▸ INFORMATION SHOWN:
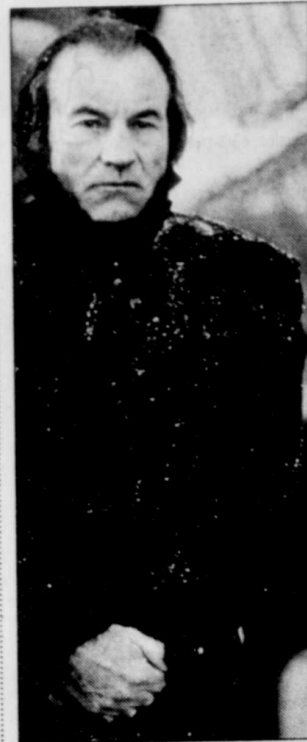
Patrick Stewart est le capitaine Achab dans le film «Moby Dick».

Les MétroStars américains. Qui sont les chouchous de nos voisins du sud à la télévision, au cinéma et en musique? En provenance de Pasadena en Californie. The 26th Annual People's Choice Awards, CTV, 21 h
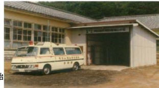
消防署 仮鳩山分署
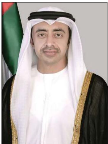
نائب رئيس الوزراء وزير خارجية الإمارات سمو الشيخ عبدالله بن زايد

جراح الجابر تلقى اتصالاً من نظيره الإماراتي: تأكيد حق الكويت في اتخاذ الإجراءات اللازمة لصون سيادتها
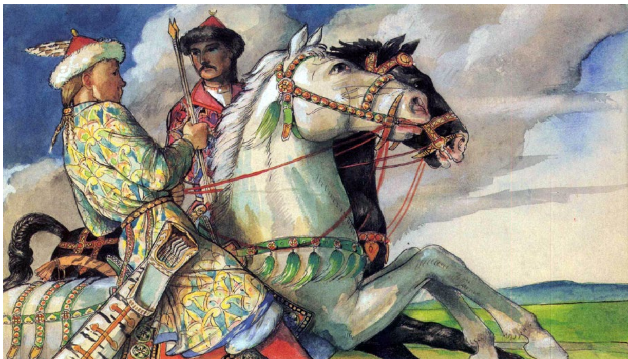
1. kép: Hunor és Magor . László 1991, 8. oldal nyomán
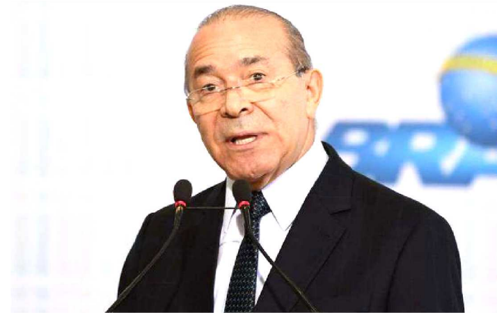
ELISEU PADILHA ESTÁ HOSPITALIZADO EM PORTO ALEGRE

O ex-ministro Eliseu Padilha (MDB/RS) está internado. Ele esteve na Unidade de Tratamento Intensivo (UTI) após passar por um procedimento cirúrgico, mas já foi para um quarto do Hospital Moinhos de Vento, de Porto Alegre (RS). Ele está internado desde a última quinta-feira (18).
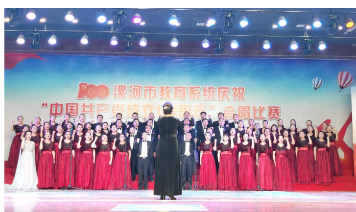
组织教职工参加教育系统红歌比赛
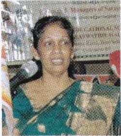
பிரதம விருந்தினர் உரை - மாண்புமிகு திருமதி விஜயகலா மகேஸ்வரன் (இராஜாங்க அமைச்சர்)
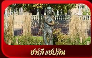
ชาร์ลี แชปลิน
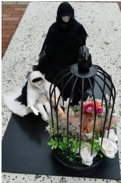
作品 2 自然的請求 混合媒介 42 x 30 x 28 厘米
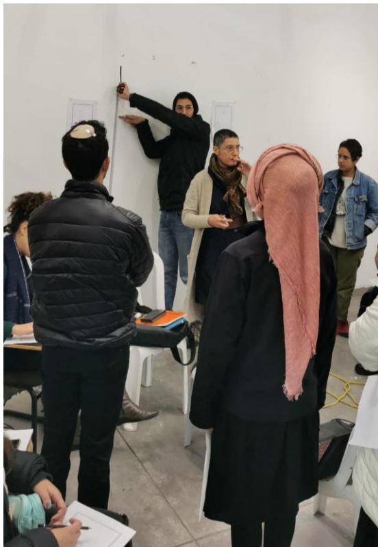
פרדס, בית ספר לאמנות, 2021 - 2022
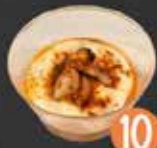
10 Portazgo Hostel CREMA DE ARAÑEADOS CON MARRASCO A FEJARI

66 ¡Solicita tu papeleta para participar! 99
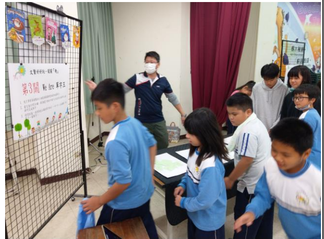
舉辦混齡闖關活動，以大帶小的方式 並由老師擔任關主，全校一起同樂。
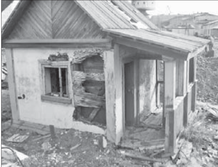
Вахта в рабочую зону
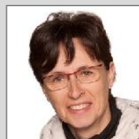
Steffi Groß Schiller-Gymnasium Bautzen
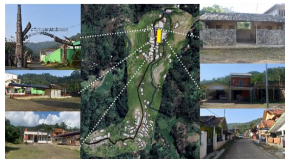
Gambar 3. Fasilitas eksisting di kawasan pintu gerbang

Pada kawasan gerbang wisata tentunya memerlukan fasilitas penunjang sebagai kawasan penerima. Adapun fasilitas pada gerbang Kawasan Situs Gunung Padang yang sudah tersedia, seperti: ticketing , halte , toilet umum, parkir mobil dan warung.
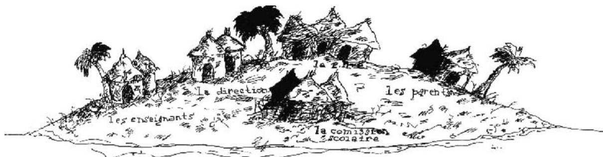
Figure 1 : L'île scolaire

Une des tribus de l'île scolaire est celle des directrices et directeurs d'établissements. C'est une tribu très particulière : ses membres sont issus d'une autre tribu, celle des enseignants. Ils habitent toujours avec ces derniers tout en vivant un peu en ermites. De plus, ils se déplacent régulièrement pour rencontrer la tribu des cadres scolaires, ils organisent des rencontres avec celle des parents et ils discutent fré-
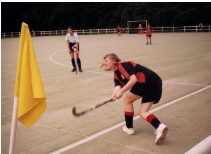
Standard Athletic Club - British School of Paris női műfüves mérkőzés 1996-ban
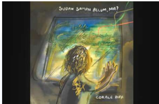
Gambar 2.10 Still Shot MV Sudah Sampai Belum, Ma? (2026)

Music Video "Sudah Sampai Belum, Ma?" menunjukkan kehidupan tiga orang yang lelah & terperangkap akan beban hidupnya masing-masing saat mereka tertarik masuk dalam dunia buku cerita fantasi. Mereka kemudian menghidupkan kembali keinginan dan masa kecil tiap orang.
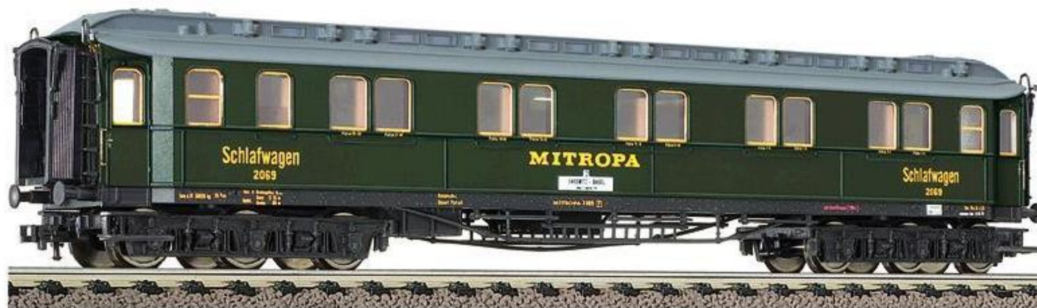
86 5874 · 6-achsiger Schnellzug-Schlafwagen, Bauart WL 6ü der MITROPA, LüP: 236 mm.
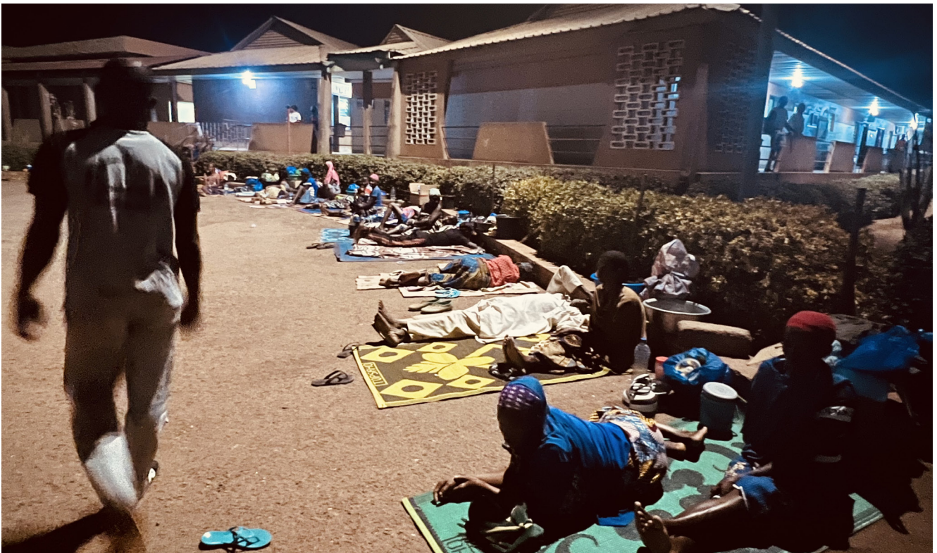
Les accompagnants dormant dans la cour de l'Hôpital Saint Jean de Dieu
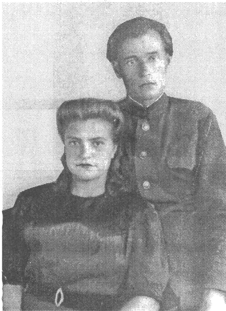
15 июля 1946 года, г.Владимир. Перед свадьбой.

▸ TASK REQUIREMENTS:
For the records above, state the count of lines where "yang" appears, without any other text.

▸ REPLY:
2